Windsor’s Sarah Rich Latimer played a pioneering role in this fight for equal rights in Sonoma County and the state. Sarah’s early years in the east and her association with the Swedenborgian Church in Portland, Maine, presumably led to her involvement in social matters. The church advocated reflection and responsibility on social issues, notably abolition, temperance and women’s rights. The church was among the first religious institutions to support co-education.
Upon Sarah’s move to the west and Sonoma County, she was identified in 1865 with the First New Jerusalem Church in San Francisco. This church was an offshoot of the Swedenborgian Church but more theologically conservative.
Sarah becomes a central figure in the suffrage movement in California
On Dec. 29, 1869, Sarah attended a meeting at the home of fellow Swedenborgian Abigail Haskell in Petaluma to organize the Sonoma County Woman Suffrage Association. That same year, Sarah became an officer, or Worthy Vice Templar, of the International Order of Good Templars, a national temperance organization promoting abstinence.
The temperance movement greatly influenced male voters to reject the suffrage effort. Men worried that women voters would vote for temperance and the ban of alcohol. In late January of 1870, she accompanied Haskell to the inaugural convention of the California Woman Suffrage Association (CWSA) in San Francisco, where Haskell was elected president and Sarah one of eleven vice presidents representing Sonoma County.
In May of 1872, Sarah was elected school trustee in the Hill School District, but was unable to vote in that election or any other election.
The news of Sarah’s election also appeared in the Weekly Colusa, the Trinity Journal and the San Jose Mercury-News.
The Russian River Flag also re- ported the story in May under the heading, “Woman’s Rights” and included that “Mrs.

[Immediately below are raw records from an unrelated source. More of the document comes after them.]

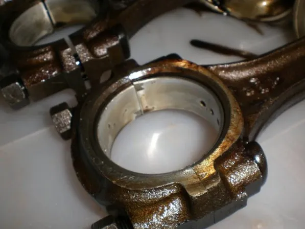 Es kann täuschen aber was ist mit den Pleuellagerschalen passiert? Deckel verdreht/vertauscht? Weil die am Rand so "abgeschliffen" aussehen.
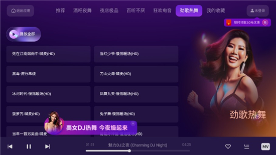 2、内置酒吧夜舞、夜店极品、百听不厌、狂欢电音、劲歌热舞等类型的DJ音乐资源。
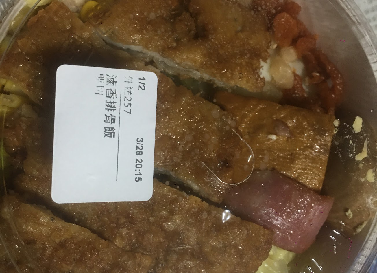 魯排骨是炸過再沾魯汁滿小塊,整個配菜鹹死了,真的太鹹了,很鹹的打結海帶,三角油豆腐,飯還有醬油,血壓都高起來了
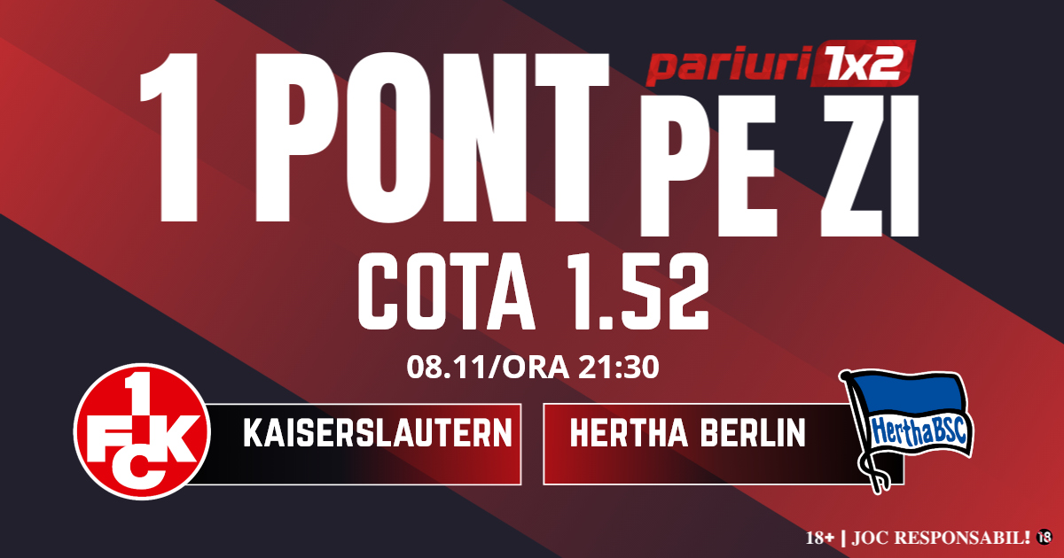 Pentru rubrica Un Pont pe Zi mergem la meciul dintre Kaiserslautern și Hertha Berlin, partidă contând pentru etapa cu numărul 12 din Zweite Bundesliga, al doilea eșalon al fotbalului românesc. Duelul dintre cele două formații va avea loc pe Fritz Walter Stadion începând cu ora 21.30. Gazdele se află pe locul șase cu 20 de puncte, la doar trei lungimi de ultima treaptă a podiumului. Chiar dacă lupta pentru promovare este incredibil de dificilă, fanii formației speră la revenirea în Bundesliga după 14 ani. Pe teren propriu, diavolii roșii sunt o forță, patru victorii și o remiză în cinci meciuri. De partea cealaltă, Hertha își dorește și ea promovarea dar a strâns doar 17 puncte. O formație inconstantă în evoluții, dar cu o formă bună, patru victorii și un eșec în precedentele cinci etape disputate. Mizăm pe un meci echilibrat în care gazdele de pe Fritz Walter Stadion nu vor pierde totuși această partidă.
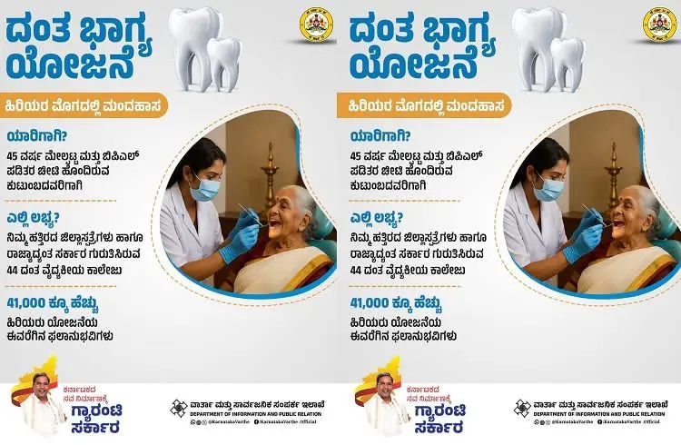 ಬೆಂಗಳೂರು: ರಾಜ್ಯದ ಹಿರಿಯ ನಾಗರಿಕರ ಮುಖದಲ್ಲಿ ಮಂದಹಾಸ ಮೂಡಿಸುವ ನಿಟ್ಟಿನಲ್ಲಿ ಕರ್ನಾಟಕ ಸರ್ಕಾರವು 'ದಂತ ಭಾಗ್ಯ' ಯೋಜನೆಯನ್ನು ಪರಿಣಾಮಕಾರಿಯಾಗಿ ಜಾರಿಗೊಳಿಸುತ್ತಿದೆ. ಬಡತನ ರೇಖೆಗಿಂತ ಕೆಳಗಿರುವ (BPL) ಹಿರಿಯ ನಾಗರಿಕರಿಗೆ ಉಚಿತ ದಂತ ಚಿಕಿತ್ಸೆ ಮತ್ತು ಕೃತಕ ಹಲ್ಲುಗಳನ್ನು ಅಳವಡಿಸುವುದು ಈ ಯೋಜನೆಯ ಮುಖ್ಯ ಉದ್ದೇಶವಾಗಿದೆ.
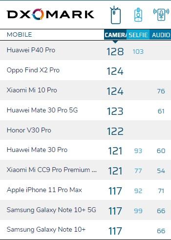 目前,DXOMARK上排名最高的是华为P40 Pro,分数为128分,其次是OPPO Find X2 Pro、小米10 Pro、华为Mate 30 Pro 5G等。
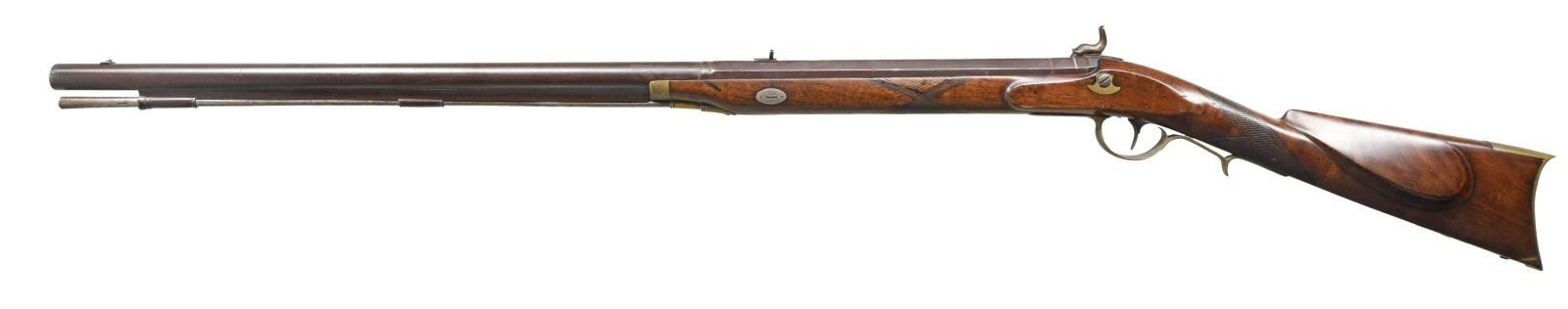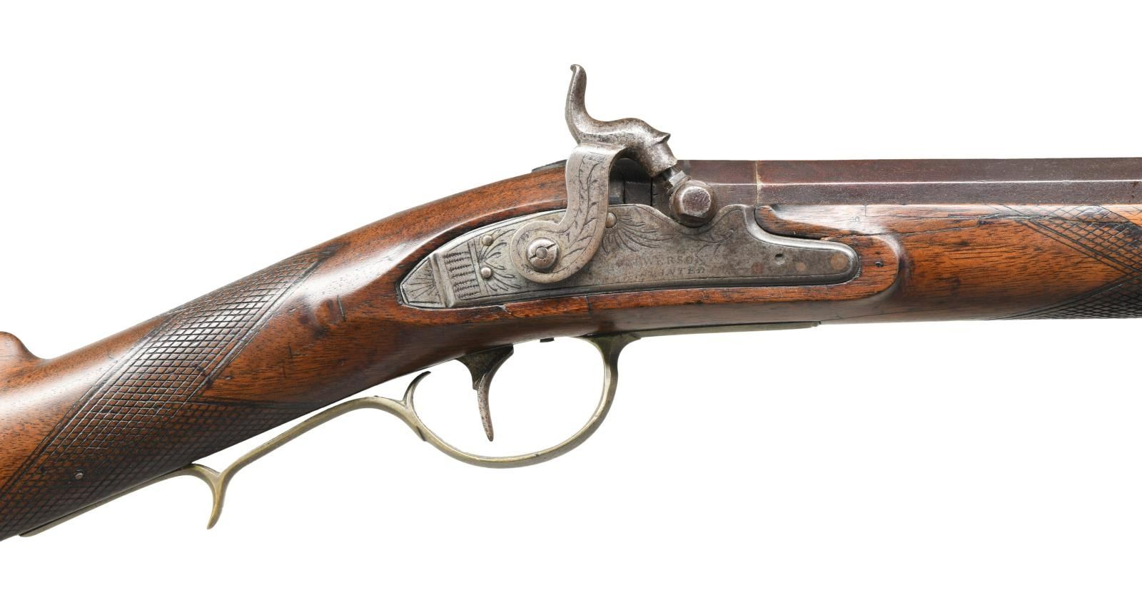 Cal. 54. NSN. Bbl. 33" half-rnd half-oct. Short blade front sight. Fixed rear sight. Converted to percussion likely during the 19th century. Lock marked "CE WERSON WARRANTED". Bbl. is recycled from a Harper's Ferry U.S. 1803 musket & bears faint proofs from that arsenal. Lock, hammer & upper tang have floral engraving. Checkered walnut half-stock w/ left side cheekpiece & key escutcheon. Brass finger curl trigger guard & curved buttplate. Iron ramrod secured by a brass thimble & two iron pipes. CONDITION: stock appears refinished long ago w/ a repaired 5" crack ahead of lock, an added splice of checkering on both sides of forend, scattered dings & handling wear. Brass parts are a dull yellow patina w/ scattered oxidation & light dings. Lock is a light gray patina w/ scattered oxidation & pitting. Bbl. is a dark patina w/ scattered oxidation, light pitting & dings. Bore has scattered oxidation & pitting but strong rifling. PROVENANCE: From the Collection of James B. Taylor. (01-23871/MJC). ANTIQUE. $1000-1500.
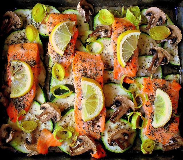 Na zdrowy, lekki i szybki obiad proponuję dziś łososia pieczonego na delikatnych plastrach cukinii. Ja upiekłam całość z moimi ulubionymi włoskimi ziołami i plastrami cytryny, które podczas pieczenia wypuściły sporo soku, doprawiając rybę. Danie będzie idealne z brązowym ryżem, prostą sałatką i jogurtowym sosem. Smacznego:)
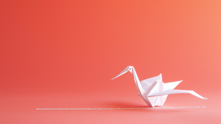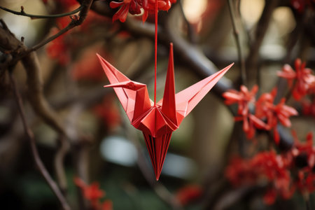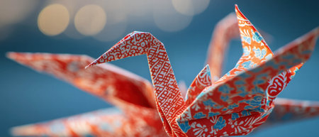 A beautifully crafted origami crane, folded from paper with a vibrant floral pattern. Bathed in soft, natural light, the delicate paper bird stands as a symbol of peace, hope, and meticulous artistry.
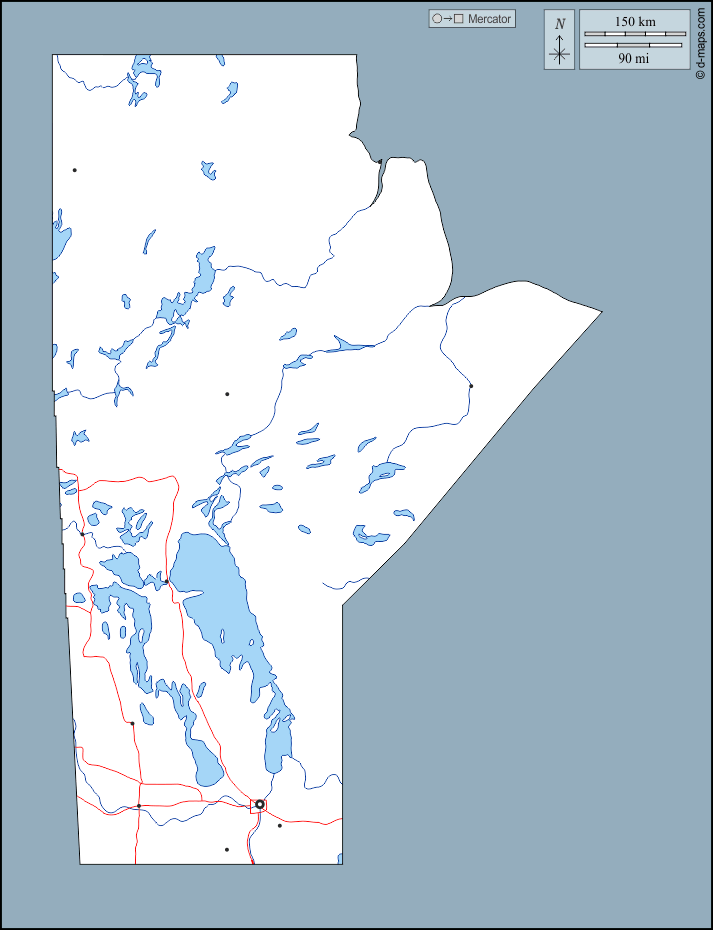 d-maps > महाअमेरिका > कनाडा > मैनिटोबा > बाह्यरेखा, जल-सर्वेक्षण, मुख्य शहरों, सड़कों

Latimer is an intelligent lady, a regular reader of the Flag, and will doubtless honor the position to which she has been elected.”
On June 13 the Russian River Flag followed up with a short notice that Mrs. Latimer “has qualified and entered upon the duties of her office.” On July 18 the same newspaper includes a question, “If women are eligible to office, are they not entitled to vote?” This same question is asked in the Red Bluff Independent on July 13 under the heading, “New Kind of Trustee.”
First Woman
Sarah was the first woman elected to a public office in California. It was not until the legislative session of 1873-74 that a bill was passed by the California legislature that made women eligible to hold school offices. It is not known how long she remained as a trustee of the school district but she no doubt remained an important voice for woman’s rights.

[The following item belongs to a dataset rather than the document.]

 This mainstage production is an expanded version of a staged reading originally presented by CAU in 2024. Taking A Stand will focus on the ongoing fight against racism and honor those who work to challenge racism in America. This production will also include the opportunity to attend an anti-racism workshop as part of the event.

In 1872, Sarah again served as a vice president of the CWSA, a position she held through at least 1874.
Sarah died in 1904, seven years before California women won the right to vote in their state.

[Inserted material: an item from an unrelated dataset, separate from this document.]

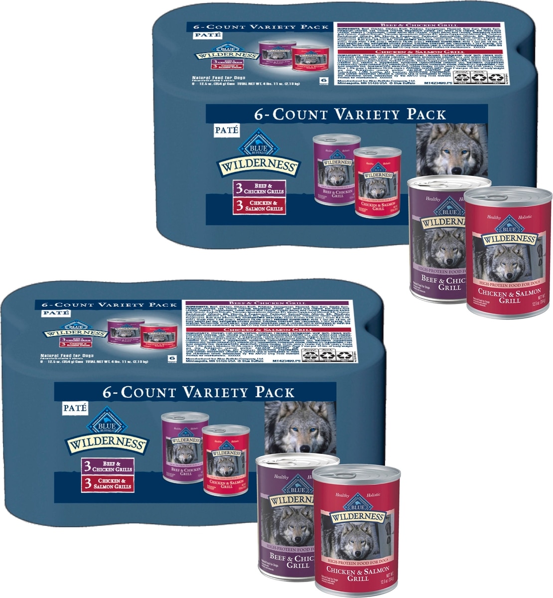 - Blue Buffalo Wilderness Chicken & Salmon High-Protein Grain-Free Adult Canned Dog Food, 12.5-oz, case of 12$39.00 Chewy Price$47.88 List Price$37.05 Autoship PricePromo, New Customers Only: Spend $49+, Get $20 eGift Card
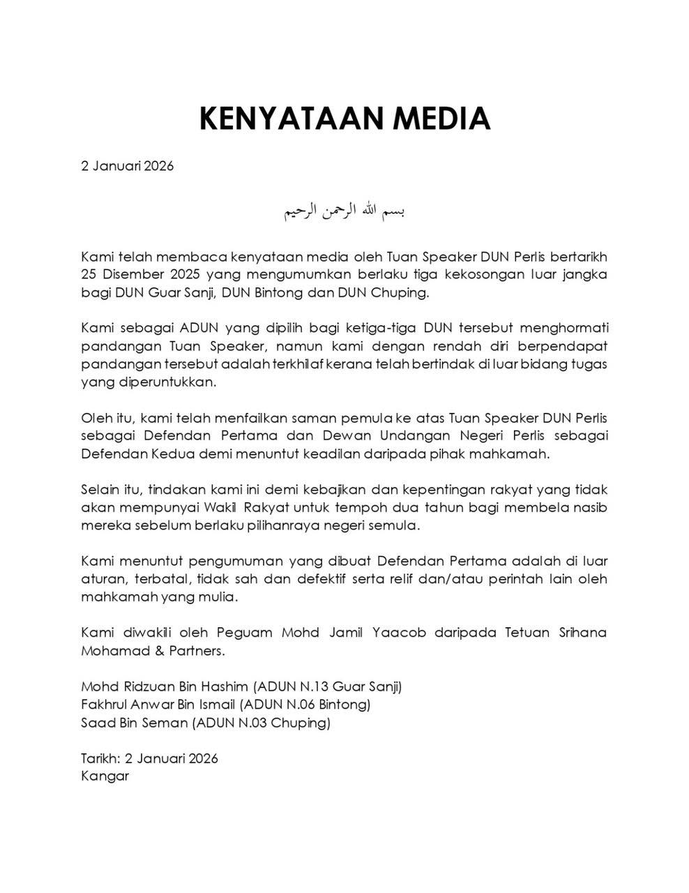 Hari ini, 3 bekas ADUN yang terhenti keahlian PAS telah mengeluarkan kenyataan media untuk mencabar tindakan pengosongan kerusi mereka.

The Woman Suffrage Amendment was first introduced in the United States Congress in 1878. The wording was unchanged in 1919, when the 19th Amendment finally passed both houses and became law in 1920.
California women, with exceptions, won the right to vote in 1911. This right was not given to natives of China, or persons unable to read the constitution in English or write their name.
Footnote to the election of 1911
The Woman’s Suffrage amendment election of 1911 was extremely close. So close that newspapers declared it defeated the morning after but as election returns continued to come in from the “back-county vote” the outcome changed. The amendment was defeated by the major urban areas and carried in the more rural precincts. The amendment was carried in Sonoma County by 186 votes, 2,465 in favor and 2,279 opposed. In Windsor the amendment was defeated with 82 no votes to 53 yes votes. In Healdsburg, it was defeated with 191 no votes and 173 yes votes. Out of 244,487 votes cast, the amendment passed by only 3,487 an average of one vote per precinct.
Steve Lehmann is the president of the Windsor Museum and Historical Society.